Technical specifications
- Engine: Mercedes-AMG F1 M11 EQ Performance (AMG HPP M11) 1.6 L (98 cu in), 90° - V6 turbocharged engine, limited to 15,000 RPM, in a mid-mounted, rear-wheel drive layout
- Electric motor: Motor Generator Unit–Kinetic (MGU-K), Motor Generator Unit–Heat (MGU-H)
- Transmission: Mercedes co-developed with Xtrac 8-speed semi-automatic seamless-shift sequential gearbox + 1 reverse gear
- Battery: Mercedes lithium-ion battery solution
- Power: 1,025 hp (764 kW)
- Weight: 746 kg (1,644.6 lb)
- Fuel: Petronas Primax
- Lubricants: Petronas Syntium & Tutela
- Tyres: Pirelli P Zero (dry) Pirelli Cinturato (wet)
- Clutch: ZF carbon fibre reinforced carbon plate

Competition history
- Notable entrants: Mercedes-AMG Petronas F1 Team
- Notable drivers: 44. Lewis Hamilton 63. George Russell 77. Valtteri Bottas
- Debut: 2020 Austrian Grand Prix
- First win: 2020 Austrian Grand Prix
- Last win: 2020 Bahrain Grand Prix
- Last event: 2020 Abu Dhabi Grand Prix
| Races | Wins | Podiums | Poles | F/Laps |
| 17 | 13 | 25 | 15 | 9 |
- Constructors' Championships: 1 (2020)
- Drivers' Championships: 1 (Lewis Hamilton, 2020)

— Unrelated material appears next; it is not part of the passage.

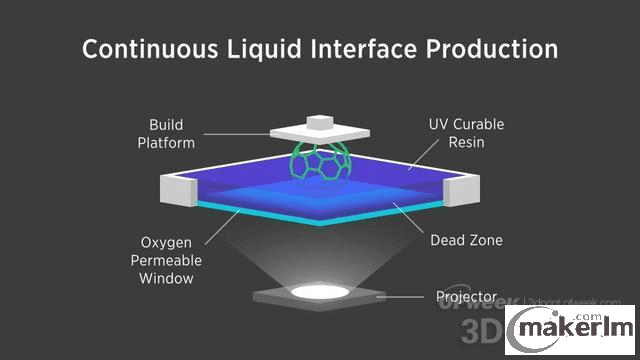 現(xiàn)有的3D打印工藝使用液態(tài)樹脂,在一個(gè)緩慢的過程中逐層打制作出物品:先打印一層,固化它,補(bǔ)充樹脂材料,然后再打印一層,周而復(fù)始,直到打印完成。而在CLIP工藝中,一個(gè)投影機(jī)從下方用紫外線顯示連續(xù)的、極薄的物品橫截面。紫外線在一缸液態(tài)樹脂中以橫截面方式硬化液體。與此同時(shí),一臺升降機(jī)不斷將成形的物體撈出樹脂缸。

= Mercedes-AMG F1 W11 EQ Performance =

2020 Formula One racing car

The Mercedes-AMG F1 W11 EQ Performance is a Formula One racing car designed and constructed by the Mercedes-AMG Petronas F1 Team under the direction of James Allison, John Owen, Mike Elliott, Loïc Serra, Ashley Way, Emiliano Giangiulio, Jarrod Murphy and Eric Blandin to compete in the 2020 Formula One World Championship.

The car was driven by Lewis Hamilton and Valtteri Bottas, who remained with the team for an eighth and a fourth season, respectively. Williams driver, and Mercedes protégé, George Russell also drove for the team at the 2020 Sakhir Grand Prix after Hamilton was forced to miss that event having tested positive for COVID-19. The car was planned to make its competitive debut at the 2020 Australian Grand Prix, but this was delayed when the race was cancelled and at least seven upcoming events on the calendar were postponed in response to the COVID-19 pandemic. The F1 W11 made its competitive debut at the 2020 Austrian Grand Prix. The delay to the start of the season allowed the team to address concerns they had about the car's reliability.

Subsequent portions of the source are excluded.